BEGIN PROVIDED MATERIAL

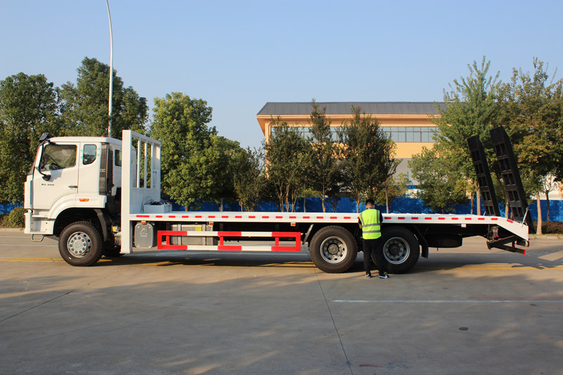 Ένα φορτηγό αυτοφόρτωσης, γνωστό και ως φορτηγό μεταφοράς με επίπεδη πλατφόρμα, φορτηγό αυτοφόρτωσης, φορτηγό μεταφοράς εκσκαφέα, είναι ένα εξειδικευμένο φορτηγό σχεδιασμένο για τη μεταφορά βαρέων μη αποσυναρμολογημένων μηχανημάτων κατασκευών, όπως εκσκαφείς και φορτωτές. Τα βασικά χαρακτηριστικά του περιλαμβάνουν ένα υδραυλικά επεκτεινόμενο επίπεδο κατάστρωμα και εξοπλισμό αυτοφόρτωσης όπως υδραυλικά πόδια στήριξης, βαρούλκα και ράμπες. Χάρη στο πλαίσιο υψηλού φορτίου και την αντιολισθητική, ενισχυμένη δομή καταστρώματος, επιτρέπει την ασφαλή και αποτελεσματική μεταφορά και την ανεξάρτητη φόρτωση/εκφόρτωση μεγάλου εξοπλισμού σε εργοτάξια, ορυχεία και κόμβους logistics, μειώνοντας την εξάρτηση από εξωτερικά μηχανήματα ανύψωσης. Λαμβάνοντας ως παράδειγμα το φορτηγό αυτοφόρτωσης με επίπεδη πλατφόρμα SINOTRUK HOWO 25 τόνων, αυτό το όχημα ενισχύει τις επαγγελματικές δυνατότητες μεταφοράς βαρέων οχημάτων με έναν κινητήρα Weichai 380 hp και άξονες κίνησης βαρέως τύπου. Η επίπεδη πλατφόρμα του μπορεί να επεκταθεί υδραυλικά έως 3 μέτρα σε πλάτος και είναι εξοπλισμένη με μπροστινά υδραυλικά στηρίγματα 25 τόνων και ένα βαρούλκο 8 τόνων, παρέχοντας εξαιρετική αξιοπιστία, απόδοση φέρουσας ικανότητας και απόδοση αυτοφόρτωσης ακόμη και υπό δύσκολες συνθήκες εργασίας.
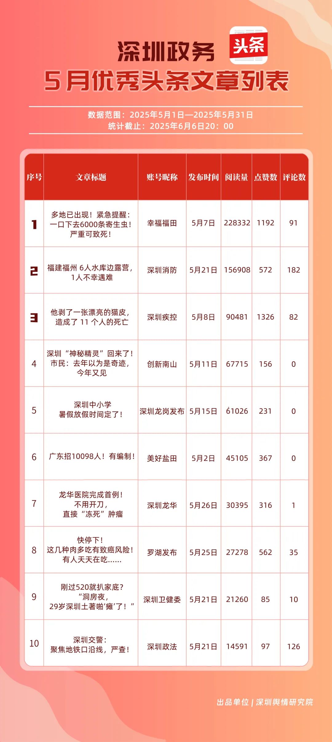 5月,“幸福福田”“深圳消防”“創(chuàng)新南山”“深圳疾控”“羅湖發(fā)布”“深圳龍崗發(fā)布”“坪山發(fā)布”“青春深圳”“深圳龍華”“深圳人社”共10個政務(wù)頭條號入選“優(yōu)秀政務(wù)頭條號”榜單。在榜單前三名中,“幸福福田”“創(chuàng)新南山”以穩(wěn)定且高質(zhì)量的內(nèi)容輸出,持續(xù)領(lǐng)跑,排名較上個月未發(fā)生變動。位居榜單第二的“深圳消防”同樣表現(xiàn)亮眼,排名較上個月提升2個名次,充分展現(xiàn)了其在消防安全宣傳領(lǐng)域的持續(xù)深耕和創(chuàng)新突破。上榜政務(wù)頭條號各展所長,以優(yōu)質(zhì)內(nèi)容為核心,充分發(fā)揮平臺傳播優(yōu)勢,為政務(wù)信息的高效觸達(dá)與廣泛傳播樹立了標(biāo)桿。
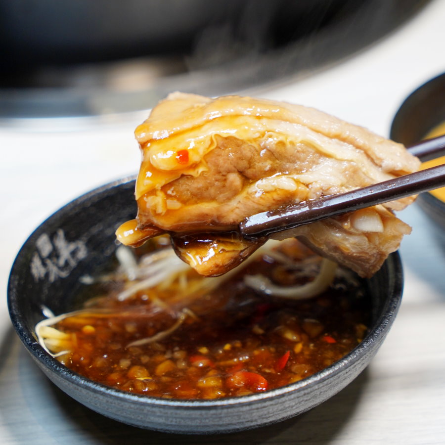 ▼羊嫩筋也是我們很愛的部位之一,也很適合懶得啃骨頭的朋友享用!雖然是薄片狀,吃起來帶點半筋半肉的口感,兼具柔嫩又軟Q的多重層次,單吃或搭配蒜蓉辣椒醬都很合拍。
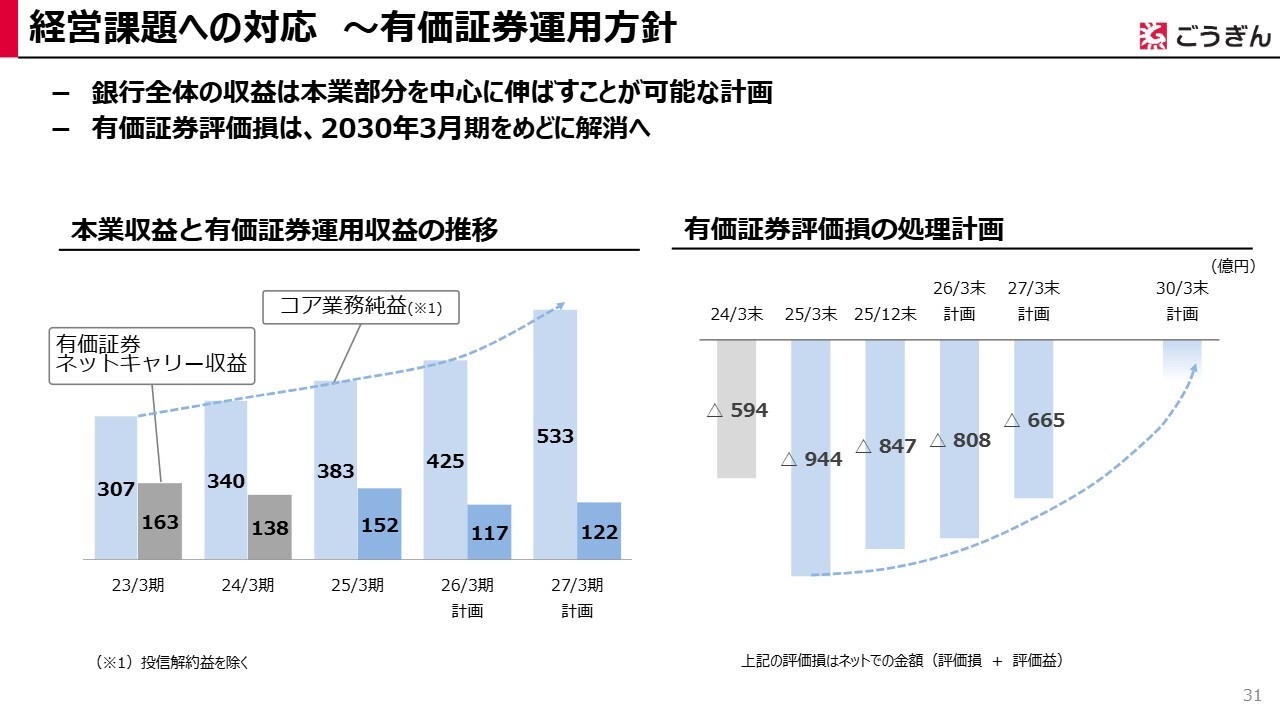 一方で、有価証券については、現在多くの含み損を抱えている状況です。これについては、毎年一定の含み損処理を計画的に進めているほか、金利系の債券が有価証券の中心となっているため、その経年効果も含め、5年後を目途に含み損をゼロに近づけられるという見通しを持っています。

END PROVIDED MATERIAL

**WHAT YOU NEED TO DO:** The answer should match the data above word for word, with no pictures in it.

**ANSWER SPACE:**
 Ένα φορτηγό αυτοφόρτωσης, γνωστό και ως φορτηγό μεταφοράς με επίπεδη πλατφόρμα, φορτηγό αυτοφόρτωσης, φορτηγό μεταφοράς εκσκαφέα, είναι ένα εξειδικευμένο φορτηγό σχεδιασμένο για τη μεταφορά βαρέων μη αποσυναρμολογημένων μηχανημάτων κατασκευών, όπως εκσκαφείς και φορτωτές. Τα βασικά χαρακτηριστικά του περιλαμβάνουν ένα υδραυλικά επεκτεινόμενο επίπεδο κατάστρωμα και εξοπλισμό αυτοφόρτωσης όπως υδραυλικά πόδια στήριξης, βαρούλκα και ράμπες. Χάρη στο πλαίσιο υψηλού φορτίου και την αντιολισθητική, ενισχυμένη δομή καταστρώματος, επιτρέπει την ασφαλή και αποτελεσματική μεταφορά και την ανεξάρτητη φόρτωση/εκφόρτωση μεγάλου εξοπλισμού σε εργοτάξια, ορυχεία και κόμβους logistics, μειώνοντας την εξάρτηση από εξωτερικά μηχανήματα ανύψωσης. Λαμβάνοντας ως παράδειγμα το φορτηγό αυτοφόρτωσης με επίπεδη πλατφόρμα SINOTRUK HOWO 25 τόνων, αυτό το όχημα ενισχύει τις επαγγελματικές δυνατότητες μεταφοράς βαρέων οχημάτων με έναν κινητήρα Weichai 380 hp και άξονες κίνησης βαρέως τύπου. Η επίπεδη πλατφόρμα του μπορεί να επεκταθεί υδραυλικά έως 3 μέτρα σε πλάτος και είναι εξοπλισμένη με μπροστινά υδραυλικά στηρίγματα 25 τόνων και ένα βαρούλκο 8 τόνων, παρέχοντας εξαιρετική αξιοπιστία, απόδοση φέρουσας ικανότητας και απόδοση αυτοφόρτωσης ακόμη και υπό δύσκολες συνθήκες εργασίας.
 5月,“幸福福田”“深圳消防”“創(chuàng)新南山”“深圳疾控”“羅湖發(fā)布”“深圳龍崗發(fā)布”“坪山發(fā)布”“青春深圳”“深圳龍華”“深圳人社”共10個政務(wù)頭條號入選“優(yōu)秀政務(wù)頭條號”榜單。在榜單前三名中,“幸福福田”“創(chuàng)新南山”以穩(wěn)定且高質(zhì)量的內(nèi)容輸出,持續(xù)領(lǐng)跑,排名較上個月未發(fā)生變動。位居榜單第二的“深圳消防”同樣表現(xiàn)亮眼,排名較上個月提升2個名次,充分展現(xiàn)了其在消防安全宣傳領(lǐng)域的持續(xù)深耕和創(chuàng)新突破。上榜政務(wù)頭條號各展所長,以優(yōu)質(zhì)內(nèi)容為核心,充分發(fā)揮平臺傳播優(yōu)勢,為政務(wù)信息的高效觸達(dá)與廣泛傳播樹立了標(biāo)桿。
 ▼羊嫩筋也是我們很愛的部位之一,也很適合懶得啃骨頭的朋友享用!雖然是薄片狀,吃起來帶點半筋半肉的口感,兼具柔嫩又軟Q的多重層次,單吃或搭配蒜蓉辣椒醬都很合拍。
 一方で、有価証券については、現在多くの含み損を抱えている状況です。これについては、毎年一定の含み損処理を計画的に進めているほか、金利系の債券が有価証券の中心となっているため、その経年効果も含め、5年後を目途に含み損をゼロに近づけられるという見通しを持っています。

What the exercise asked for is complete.